The Public Works Committee meets at 5 PM, and the Whitewater Common Council at 6 PM.
On this day in 1985, police bomb MOVE headquarters in Philadelphia, killing six adults and five children, and destroying the homes of 250 city residents.
Two petitions before the Wisconsin Supreme Court now challenge Wisconsin’s congressional maps. See Two Lawsuits Against Wisconsin’s Congressional District Maps. If one of those lawsuits should prevail, what would be the likely result for district boundaries? Roll Call explains:
Democrats have long criticized the Wisconsin congressional map as heavily favoring Republicans in a closely divided state. The GOP holds six of the state’s eight House seats. And of those six Republican-held seats, just two are considered competitive by Inside Elections with Nathan L. Gonzales: the 1st District represented by Rep. Bryan Steil and the 3rd District represented by Rep. Derrick Van Orden.
Redistricting was an issue in this year’s Wisconsin Supreme Court race – a nominally nonpartisan contest that was won by the Democratic-backed Susan Crawford and helped preserve the court’s 4-3 liberal majority. Some Republicans had speculated that Crawford’s election would lead to the state’s congressional map being redrawn to Democrats’ benefit ahead of the 2026 midterms.
Van Orden told CNN earlier this year that he and Steil would “both lose” under new congressional lines if Crawford won.
See Mary Ellen McIntire, Challenge to Wisconsin map adds latest wrinkle to 2026 House fight, Roll Call, May 12, 2025.

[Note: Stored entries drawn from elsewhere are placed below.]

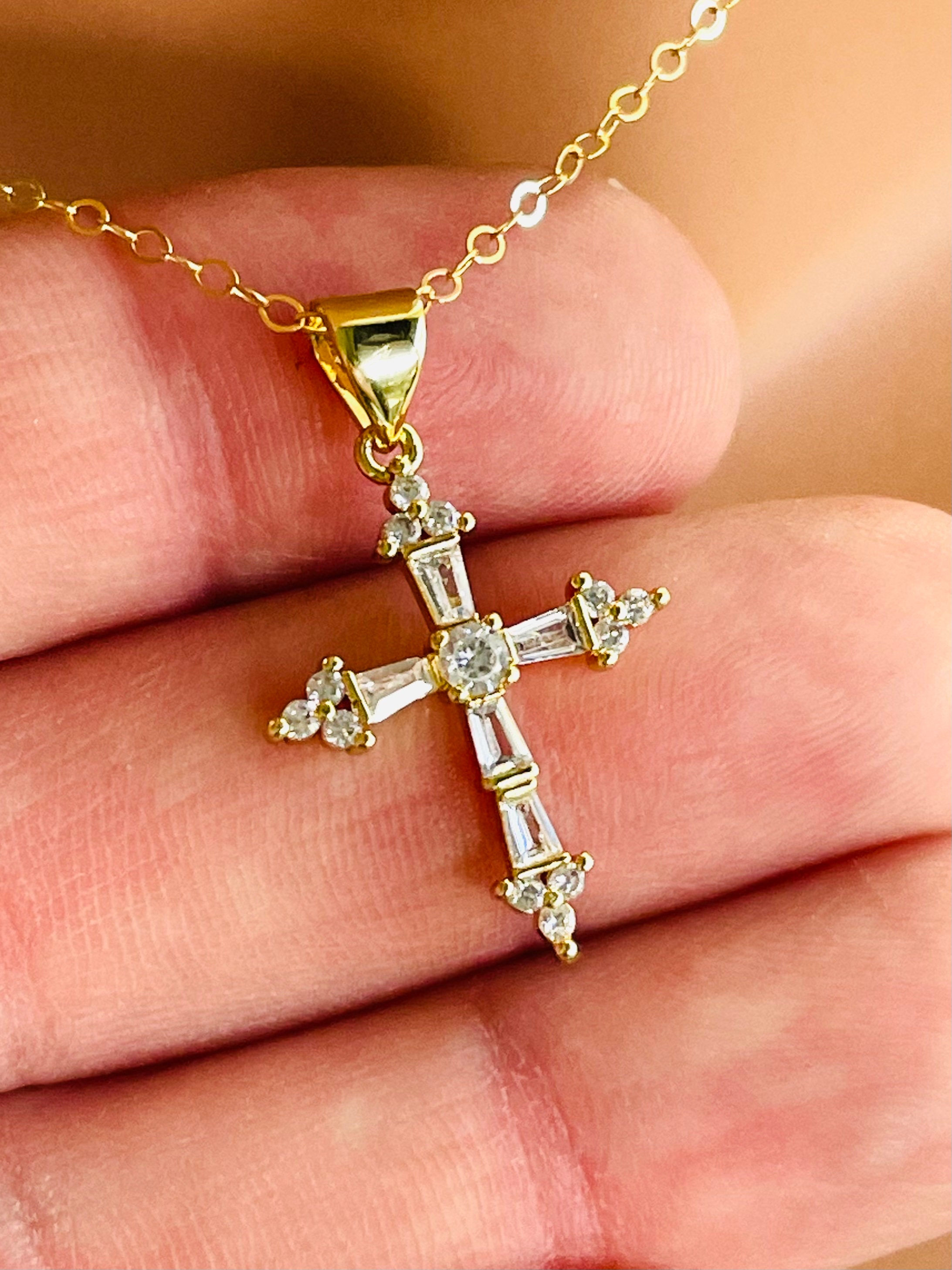 Elegante Kreuzkette für den perfekten Alltagslook! Diese zierliche Halskette von BodyBonita verbindet Vintage-Charme mit moderner Schlichtheit. Aus hochwertigem Kupfer mit 16-Karat Vergoldung, ideal für empfindliche Haut. Der zarte Kreuz-Anhänger (15x22mm) liegt dekorativ auf der 16 Zoll langen Kette. Mit 2 Zoll Verlängerung und funkelndem CZ-Stein auf der Verlängerung für individuelle Längen. Der robuste Karabinerverschluss aus 925er Silber garantiert sicheren Halt. Perfekt allein getragen oder kombiniert mit anderen Ketten für einen layered Look. Wasserdicht und langlebig - dein treuer Begleiter für jeden Tag. Wunderschön verpackt ein ideales Geschenk für Geburtstage, Feiertage oder einfach als Zeichen der Zuneigung. Ob für dich selbst oder als Überraschung für liebe Menschen - diese Kette bringt Freude!
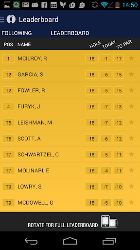 The latest and most relevant updates throughout the Championship will be presented through our dynamic Timeline feature, including news, social media highlights, photos and live updates straight from the course so you don’t miss a shot.
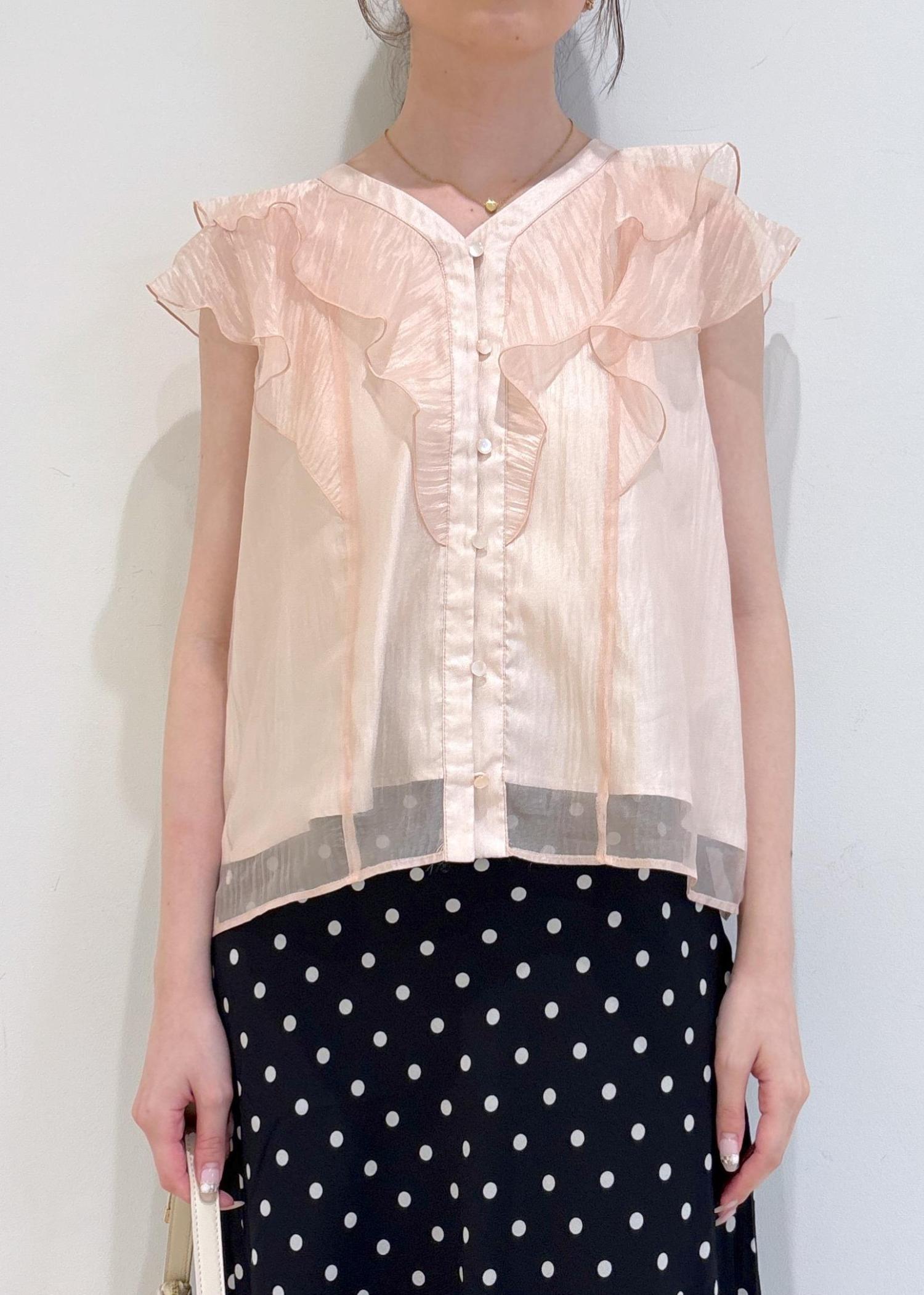 アウトレットVISシアーラッフルフリルブラウス/通勤対応ピンク / F¥3,842レビューツヤ感があり上品な印象のブラウスです。

Well, Van Orden’s right: redistricting would make these two seats more competitive, and both Van Orden and Steil would likely lose in more competitive districts. Both federal representatives have positioned themselves as committed conservative populists. They’re ill-suited to districts that would be even slightly more centrist.
Most likely outcome: redistricting Wisconsin’s congressional boundaries would take Wisconsin from a 6-2 Republican advantage to a 4-4 split between the major parties.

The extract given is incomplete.